Pancreatic cancer researcher David Boothman, PhD, passed away on Nov. 1, 2019

We are extremely sad to share that Pancreatic Cancer Action Network (PanCAN) research grant recipient David Boothman, PhD, died on Nov. 1, 2019, after suffering several strokes. Boothman, 61, was dedicated to pancreatic cancer research and advocacy and was an involved member of the PanCAN community.

Boothman was professor of biochemistry and molecular biology and the inaugural Sid and Lois Eshkenazi Professor of Hematology-Oncology at Indiana University School of Medicine, a position he’d held since November 2017. Boothman received his PanCAN grants during his time at UT Southwestern Medical Center in Dallas.

Pancreatic cancer researcher and his wife attend fundraising gala

David Boothman, PhD, and his wife, Sue Strickfaden, DC, attended PanCAN’s An Evening with the Stars gala in 2012.

His pancreatic cancer research focused on an unexpected strategy to kill pancreatic cancer cells. Instead of blocking proteins that contribute to cell survival, Boothman aimed to turn on the activity of a particular protein, resulting in a byproduct that was toxic to the cells. He deemed this approach the “kiss of death,” and he was awarded three PanCAN grants from different peer-review committees to support his pursuit of this experimental treatment approach.
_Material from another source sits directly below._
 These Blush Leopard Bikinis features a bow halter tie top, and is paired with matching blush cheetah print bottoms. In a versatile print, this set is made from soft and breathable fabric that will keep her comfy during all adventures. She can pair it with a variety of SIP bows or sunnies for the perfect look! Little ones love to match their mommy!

Boothman’s 2015 Translational Research Grant included Shaalan Beg, MD, as his co-principal investigator. Beg, an oncologist and co-leader of the gastrointestinal (GI) cancers multidisciplinary team at the Simmons Comprehensive Cancer Center at UT Southwestern Medical Center, said, “My work with Dave has been one of the most rewarding parts of my career.”
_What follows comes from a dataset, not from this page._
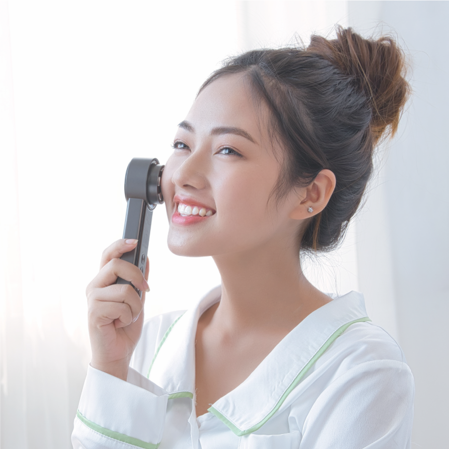 Điện châm EMS với dòng điện vi mô kích thích các tế bào da, massage nâng cơ, thon gọn mặt và tạo dáng cằm V-line.

He continued, “If it wasn’t for Dave and the enthusiasm and passion that he brought to his work, I would not be working in this field.”

Anirban Maitra, MBBS, scientific director of the Sheikh Ahmed Bin Zayed Al Nahyan Center for Pancreatic Cancer Research at MD Anderson Cancer Center, interacted with Boothman as a fellow grantee and through PanCAN’s annual Scientific Summits.

“He was from the ‘lung cancer universe,’ and the pancreatic cancer world was new to him,” Maitra said. “But he loved to collaborate with members of the community – it did not matter who reached out to him; he would instantly write back and agree to help.”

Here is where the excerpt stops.